- Born: 1974 (age 51–52) Athens, Greece
- Occupation: Painter
- Awards: Saatchi Gallery Competition Award Winner 2011
- Website: https://www.facebook.com/chonias/

Signature

= Tasos Chonias =

Greek painter

Tasos Chonias (born 1974) is a Greek painter whose artwork today resides in many major private collections, institutions and galleries around the world.

==Biography==
Chonias started painting at a young age; at the age of 16 he did wall paintings at commercial and non-commercial spaces and later turned to scenography, movie-poster design and conservation of old wall paintings. Since 2005, he has been focusing exclusively on oil paintings with themes evolving from a series of interiors to landscapes and his most recent series of cars painted against urban backgrounds.

His Interiors work is inspired by the lives of people who lived inside neoclassical buildings like the one that hosts his atelier in Kipseli. Because of his particular depiction of sunlight entering the spaces, his collection of Interiors paintings has been described by art critics as presenting "the illusion of space that belongs to a different, third dimension".

He made his first solo exhibition at the gallery Agathi in 2006 and has taken part in many group exhibitions in Greece and abroad.

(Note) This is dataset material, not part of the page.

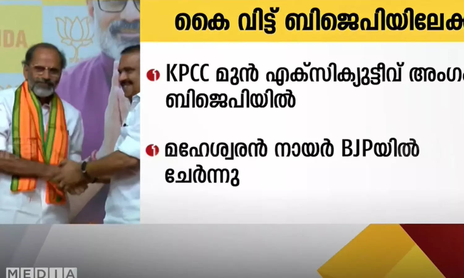 തിരുവനന്തപുരം:കെപിസിസിയുടെ മുൻ എക്സിക്യൂട്ടീവ് അംഗം മഹേശ്വരൻ നായർ ബിജെപിയിൽ ചേർന്നു. തിരുവനന്തപുരം നഗരസഭ മുൻ പ്രതിപക്ഷ നേതാവും കെ .കരുണാകരന്റെ വിശ്വസ്തനുമായിരുന്നു. കയ്പേറിയ അനുഭവങ്ങളല്ല കോൺഗ്രസ് വിടാൻ കാരണമെന്നും തിരുവനന്തപുരം നഗരസഭയുടെ ദീർഘവീക്ഷണത്തോടെയുള്ള വളർച്ചക്ക് വേണ്ടിയാണ് ബിജെപിയിലേക്ക് വന്നതെന്നും മഹേശ്വരൻ നായർ പറഞ്ഞു.

Today, his paintings are being auctioned at large auction houses across Europe such as the Bonhams of London.

He is collaborating with renowned galleries across Europe. A non-exhaustive list of galleries includes:
- Paris – Modus Art Gallery, Galerie de Medicis
- London – Saatchi Gallery
- Cyprus

The price range of this paintings in past auctions has been from $5,000 to $25,000.

== Honors, awards and distinctions ==
Chonias has received significant awards and prizes over the years.

In 2011, he received the second place award among 5,777 contestants in a competition organized by the Saatchi Gallery of London.

He had participated two more times before his 2011 award in Saatchi Gallery competitions where he held the 10th and 8th position respectively.

==Paintings==
His paintings are oil on canvas with typical dimensions of 140 x 160 cm (55 x 63 inches) or 130 x 150 cm (51 x 59 inches).

A number of online websites and art blogs have featured his work in the past.